第186章 番外篇
【出于好奇,从自相残杀游戏中醒来的花言向费奥多尔询问了对方在寄宿区二楼的发现,后者也十分轻易地和盘托出,让花言瞬间明白了观看那场自相残杀游戏直播的观众都是谁。
基于这个基础,夜晚举行自相残杀游戏的校园、白天的学院、以及“观众席”,这三者之间的联系已经十分清晰了。
只不过还有些细节需要确认,花言拜托去上课的费奥多尔帮他向「与谢野晶子」带话,表示自己有事找她。
费奥多尔没有拒绝,也体贴地没有问原因。
对方效率极高,花言还在食堂吃早饭时就看见了为了避免他认不出来而特意穿上白大褂的「与谢野晶子」。
他从后者口中得知了“观众席”是一个像是影院一样的地方,不仅有观影提示、各种零食,还可以自由选择每个人的视角进行观看。
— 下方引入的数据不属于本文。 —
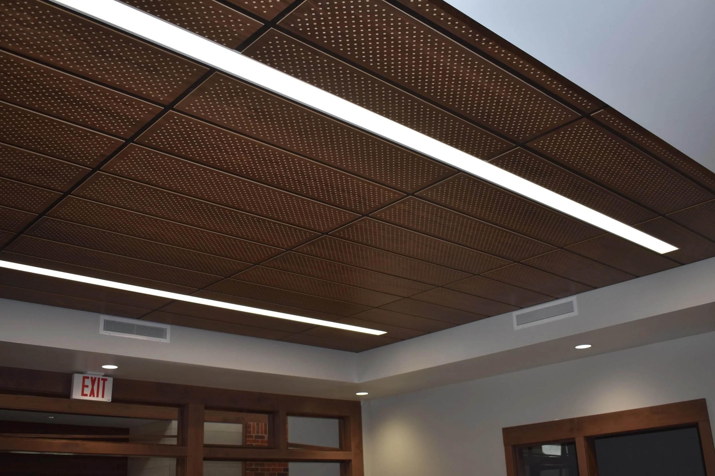 Within these areas, K&W Electric, Inc. installed decorative Axis lighting within architectural ceilings, giving it its modern look, along with Cooper/Eaton light controls which save energy with an automatic shut off. Data and technology cabling provide a public meeting conference system which allows the council chamber the ability to visually display information at council meetings. A vehicle exhaust system which incorporates a sensor that activates an evacuation fan when it detects exhaust emissions and gases, and lastly, a fire alarm system integrated throughout the building.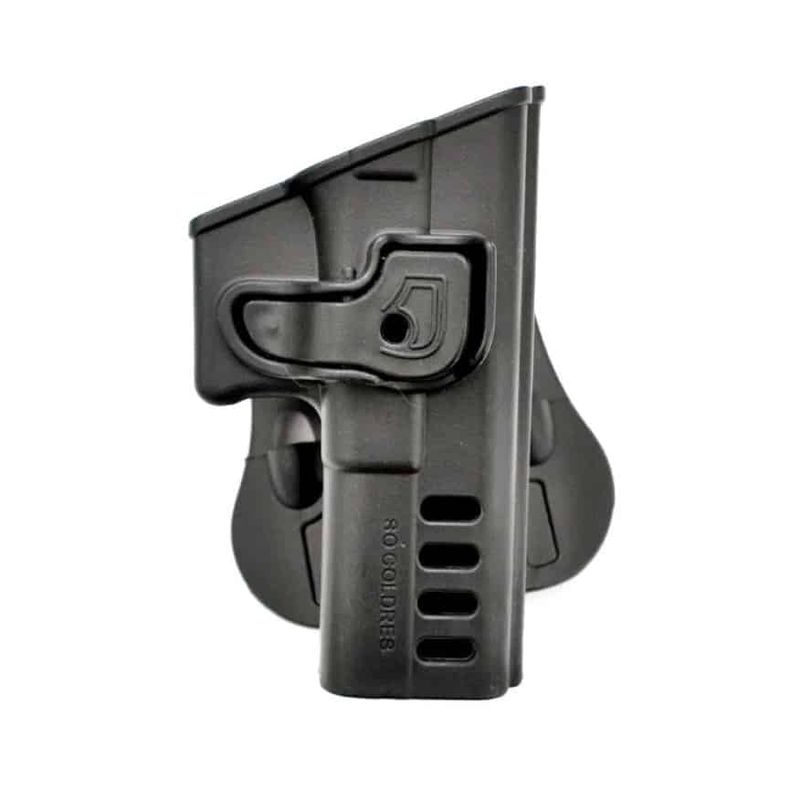 O Coldre da Só Coldres possui saque suave com trava passiva de liberação, assim pode ser ter a pistola acoplada de forma simples.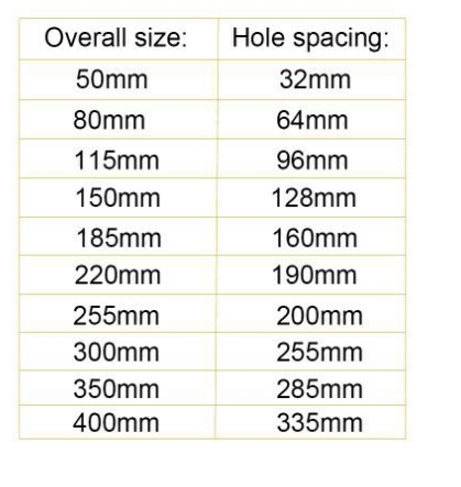 32/64/96/128/160/190/200/255/285/335 мм |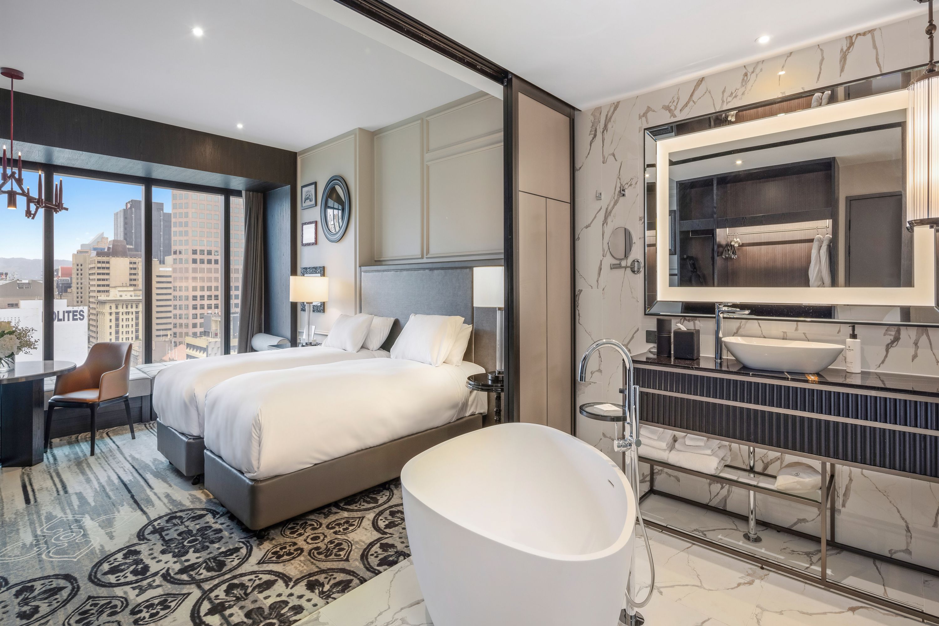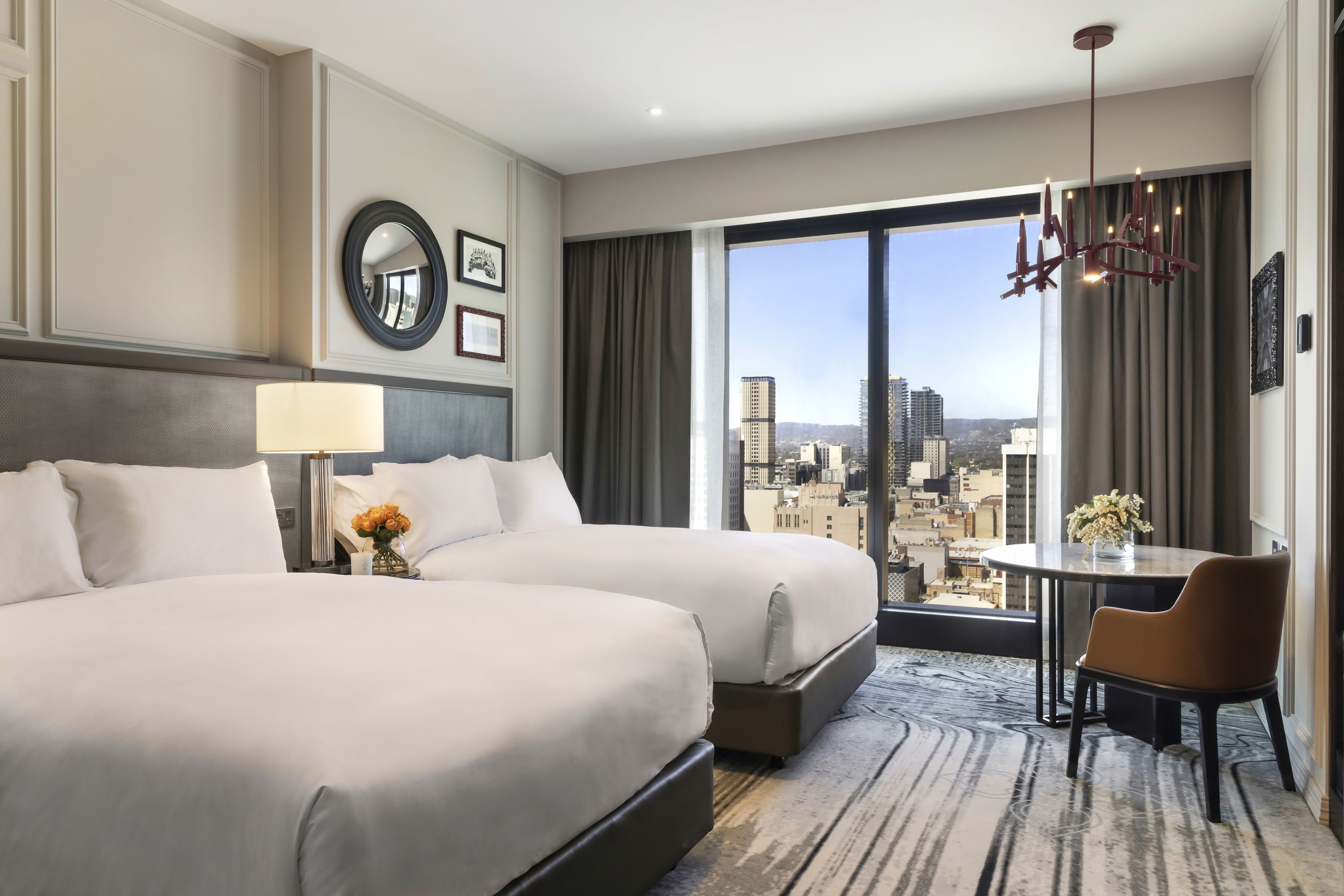 Imagínese un diseño francés bellamente contrastado con ventanales del piso al techo que ofrecen vistas espectaculares de Adelaida. Cada mañana, despierte en su elegante habitación con las mejores comodidades y una sensación de estar en casa. Las suites aquí son suntuosas y amplias, perfectas para estadías refinadas en el distrito financiero.

而向黑白熊提出抗议要注重他人隐私,使得画面上会被打马赛克的“观众”,也确实是「与谢野晶子」他们,只是没想到负责直播的那个东西会处理得这么粗糙。】
「与谢野晶子」每说出一个有关“观众席”的描述,影院内众人就会不由自主地打量周围,像是在与对方所在的“观众席”进行比对。
“难道说……”中岛敦思考片刻,冒出了一个大胆的猜测,“抓我们来强制观影的那个存在就是从这里得到的灵感?祂模仿着花言和那个攻略系统构造的‘观众席’创建了这处影院?”
“如果是这样,那显然祂模仿的不太到位——”
果戈里似对这个地方积怨已久般,滔滔不绝地抱怨。
“花言那边的那个能够自由选择其他人的视角,他们的观影规则还是宽松自由的‘提示’,不是我们这种带有强制意味的‘规则’!甚至、甚至——!他们还能提出抗议,让负责直播的那个东西更改什么,而我们这边只能单方面地看——可恶,我好想选其他人视角看看,也很想试试提意见、抗议——那一定会很有意思!”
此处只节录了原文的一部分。